§ **Problem statement**:
Your answer should consist only of the records, copied exactly, with the images removed.

§ **Data to use**:
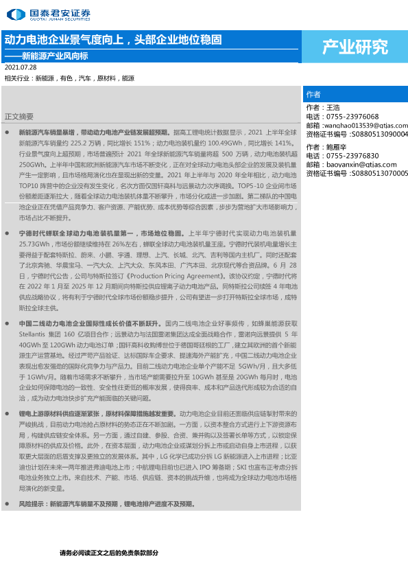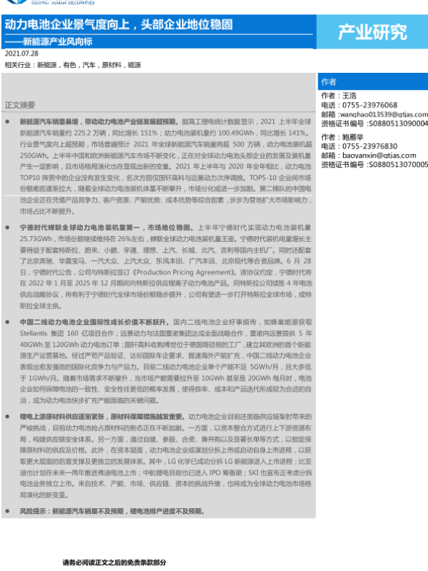 【国泰君安证券】【20210728】新能源产业风向标:动力电池企业景气度向上,头部企业地位稳固-2页
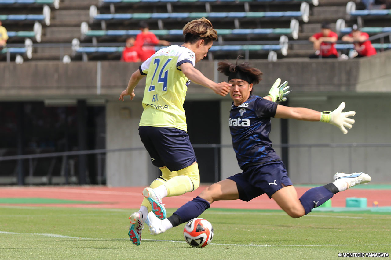 このビッグチャンスの直後、一転、モンテディオがピンチに。松岡瑠夢のマイナスのクロスから粟飯原がシュート。GK後藤雅が弾いたこぼれ球をもう一度粟飯原が狙ったが、今度は熊本雄太が立ちはだかった。
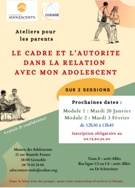 Maison des adolescents - nouvel atelier parents : Le cadre et l'autorité dans la relation avec mon adolescent - sur 2 dates
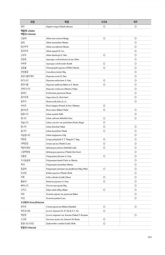 465 양하 Zingiber mioga Thunb. Roscoe ○ ○ 백합목 Liliales 백합과 Liliaceae 산달래 Allium macrostemon Bunge ○ ○ 달래 Allium monanthum Maxim. ○ 참산부추 Allium sacculiferum Maxim. ○ 한라부추 Allium taquetii H. Lev. ○ 산부추 Allium thunbergii G. Don ○ ○ 천문동 Asparagus cochinchinensis Lour. Merr. ○ 비짜루 Asparagus schoberioides Kunth ○ ○ 실꽃풀 Chionographis japonica Willd. Maxim. ○ ○ 은방울꽃 Convallaria keiskei Miq. ○ 윤판나물아재비 Dispor...
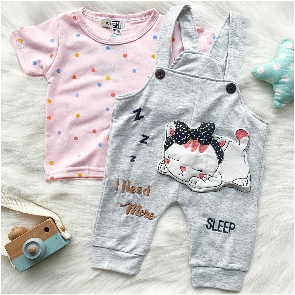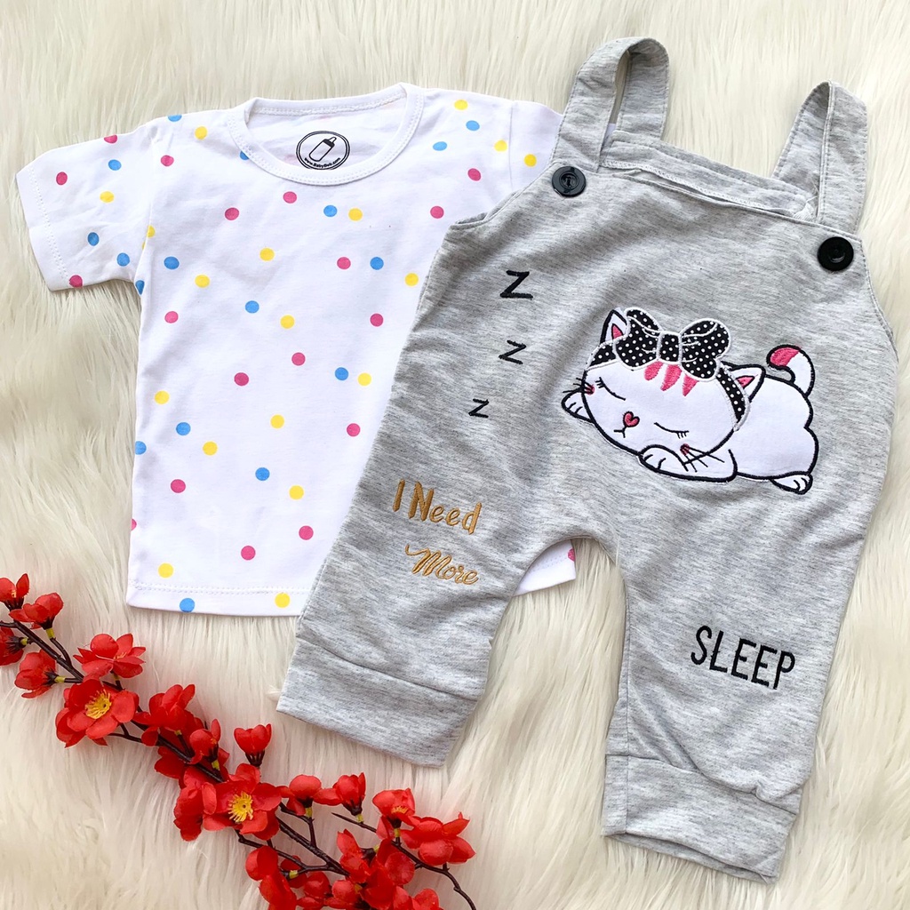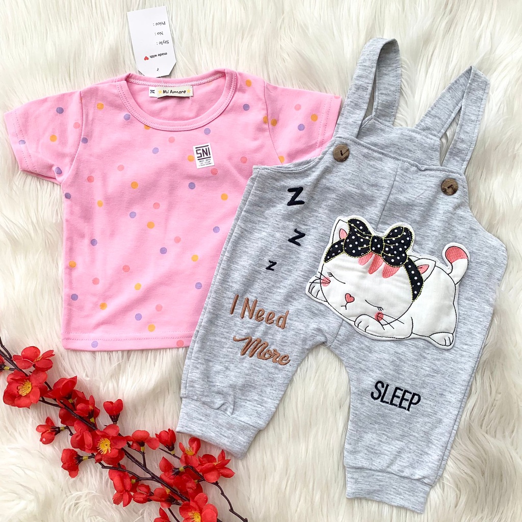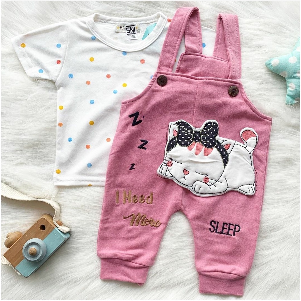 Baju setelan kaos overall aplikasi lucu fashion anak bayi cewek perempuan unisex murah -sle
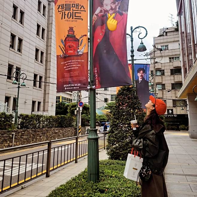 거리에서 뮤지컬 포스터를 바라보는 곽선영은 오버사이즈 야상 재킷과 레드 캡으로 빈티지하면서도 트렌디한 매력을 발산했다. 여기에 크로스백과 쇼핑백을 더해 실용성을 강조했으며, 손에 든 커피가 여유로운 도시인의 이미지를 완성시켰다.
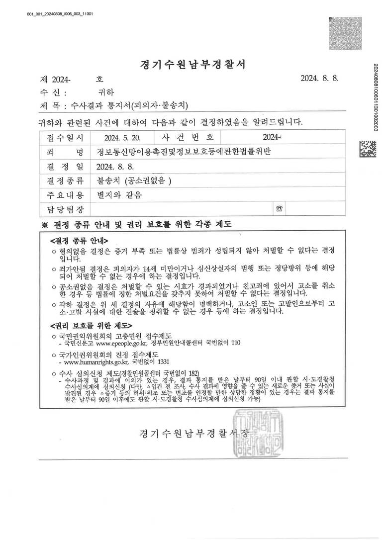 정보통신망법 상 불안감 조성죄에 대하여는 피해자가 압박을 느꼈는 지, 합의나 사과를 전혀 하지 않았음에도 피해자 스스로 고소를 취하하여 버렸습니다. (불안감 조성죄는 반의사불벌죄 이기에 피해자의 고소취하로 인하여 공소권 없음 처리가 되었습니다.)
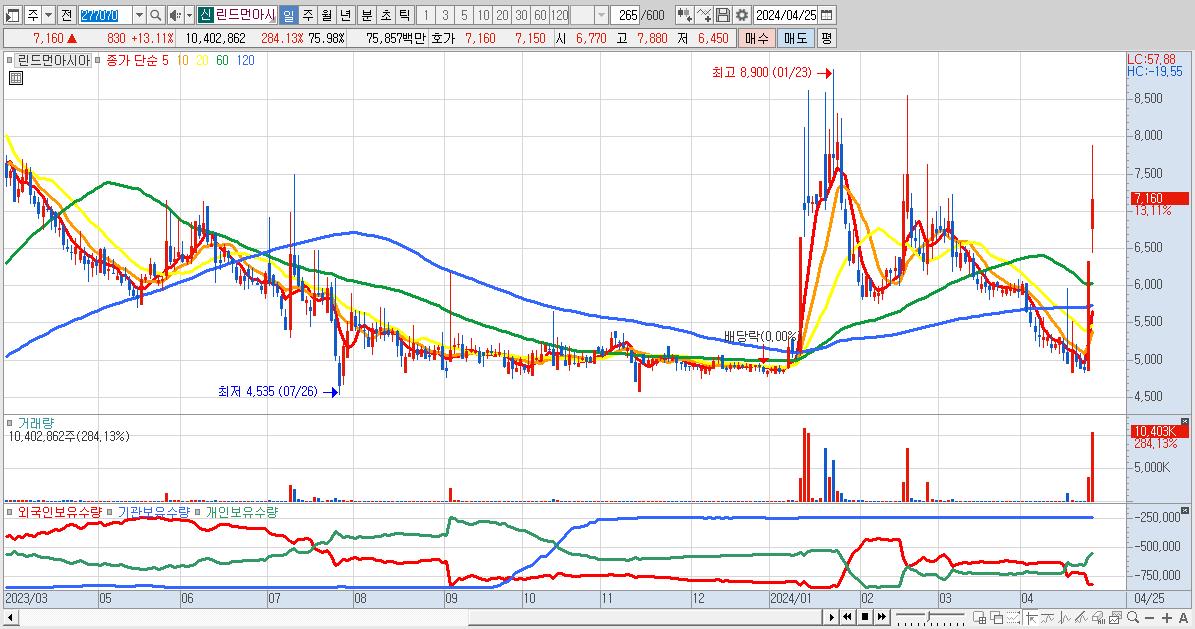 - 린드먼아시아 (7,160원 ▲ 13.11% , 시총: 980억, 거래량: 10,402,862, 거래대금:759억)

§ **Response box**:
 【国泰君安证券】【20210728】新能源产业风向标:动力电池企业景气度向上,头部企业地位稳固-2页
 このビッグチャンスの直後、一転、モンテディオがピンチに。松岡瑠夢のマイナスのクロスから粟飯原がシュート。GK後藤雅が弾いたこぼれ球をもう一度粟飯原が狙ったが、今度は熊本雄太が立ちはだかった。
 Maison des adolescents - nouvel atelier parents : Le cadre et l'autorité dans la relation avec mon adolescent - sur 2 dates
 465 양하 Zingiber mioga Thunb. Roscoe ○ ○ 백합목 Liliales 백합과 Liliaceae 산달래 Allium macrostemon Bunge ○ ○ 달래 Allium monanthum Maxim. ○ 참산부추 Allium sacculiferum Maxim. ○ 한라부추 Allium taquetii H. Lev. ○ 산부추 Allium thunbergii G. Don ○ ○ 천문동 Asparagus cochinchinensis Lour. Merr. ○ 비짜루 Asparagus schoberioides Kunth ○ ○ 실꽃풀 Chionographis japonica Willd. Maxim. ○ ○ 은방울꽃 Convallaria keiskei Miq. ○ 윤판나물아재비 Dispor...
 Baju setelan kaos overall aplikasi lucu fashion anak bayi cewek perempuan unisex murah -sle
 거리에서 뮤지컬 포스터를 바라보는 곽선영은 오버사이즈 야상 재킷과 레드 캡으로 빈티지하면서도 트렌디한 매력을 발산했다. 여기에 크로스백과 쇼핑백을 더해 실용성을 강조했으며, 손에 든 커피가 여유로운 도시인의 이미지를 완성시켰다.
 정보통신망법 상 불안감 조성죄에 대하여는 피해자가 압박을 느꼈는 지, 합의나 사과를 전혀 하지 않았음에도 피해자 스스로 고소를 취하하여 버렸습니다. (불안감 조성죄는 반의사불벌죄 이기에 피해자의 고소취하로 인하여 공소권 없음 처리가 되었습니다.)
 - 린드먼아시아 (7,160원 ▲ 13.11% , 시총: 980억, 거래량: 10,402,862, 거래대금:759억)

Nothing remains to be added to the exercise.